Among the entries that follow, locate the line with "Crafted from mid-century" and the line with "第二問(wèn)題:對于管理". Output those lines and all lines in between, exactly, minus the pictures.

*** Data to process Section Begins ***

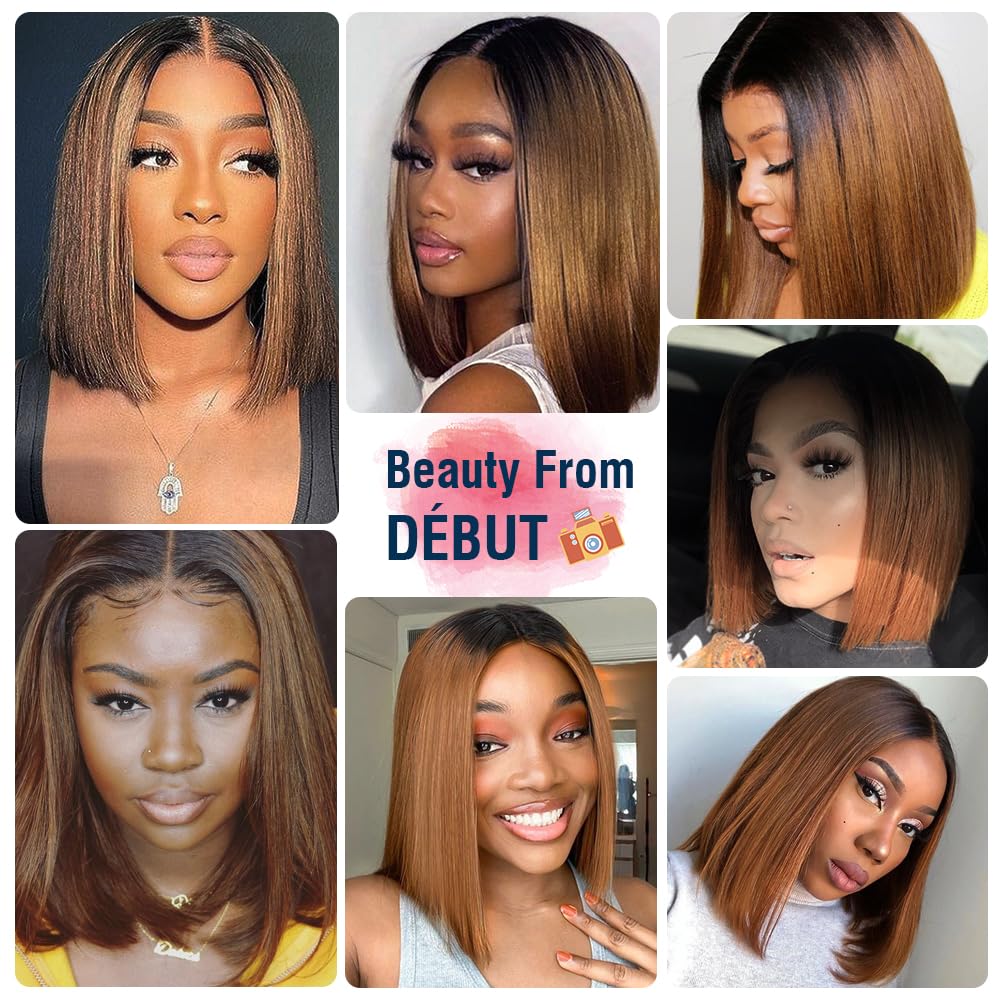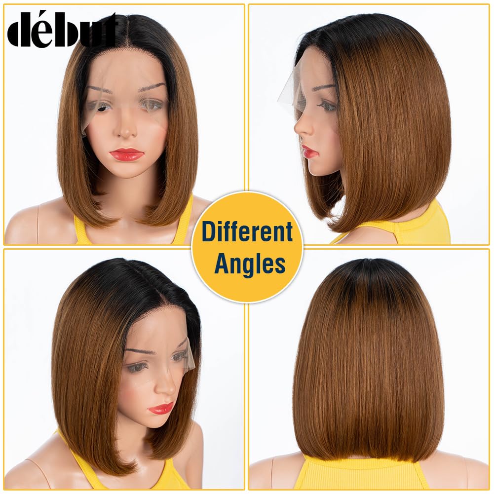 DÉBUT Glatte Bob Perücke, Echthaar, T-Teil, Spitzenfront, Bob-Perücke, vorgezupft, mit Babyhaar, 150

*** Data to process Section Ends ***
*** Data to process Section Begins ***

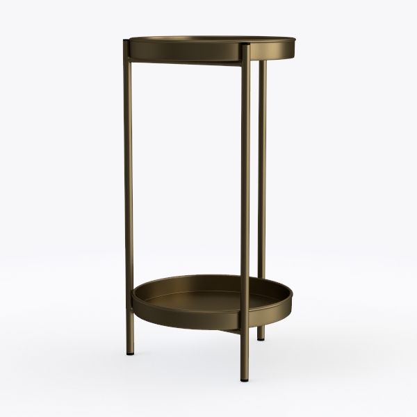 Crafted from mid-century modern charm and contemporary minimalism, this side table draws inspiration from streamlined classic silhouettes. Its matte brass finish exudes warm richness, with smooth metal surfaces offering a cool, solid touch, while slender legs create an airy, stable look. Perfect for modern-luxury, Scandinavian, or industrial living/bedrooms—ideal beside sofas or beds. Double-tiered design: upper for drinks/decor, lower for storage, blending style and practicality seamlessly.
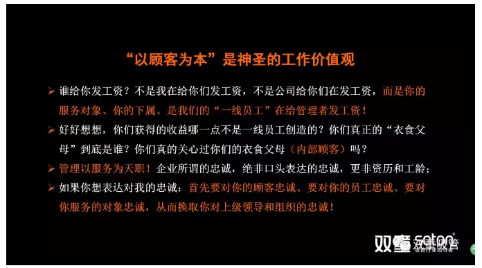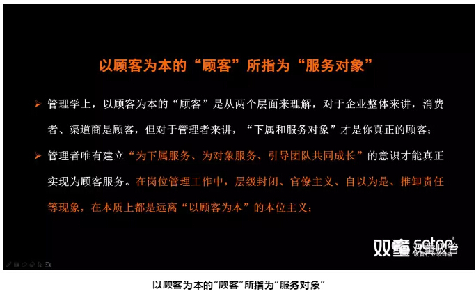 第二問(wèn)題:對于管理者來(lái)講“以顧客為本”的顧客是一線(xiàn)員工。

*** Data to process Section Ends ***

Output for this exercise:
 Crafted from mid-century modern charm and contemporary minimalism, this side table draws inspiration from streamlined classic silhouettes. Its matte brass finish exudes warm richness, with smooth metal surfaces offering a cool, solid touch, while slender legs create an airy, stable look. Perfect for modern-luxury, Scandinavian, or industrial living/bedrooms—ideal beside sofas or beds. Double-tiered design: upper for drinks/decor, lower for storage, blending style and practicality seamlessly.
 第二問(wèn)題:對于管理者來(lái)講“以顧客為本”的顧客是一線(xiàn)員工。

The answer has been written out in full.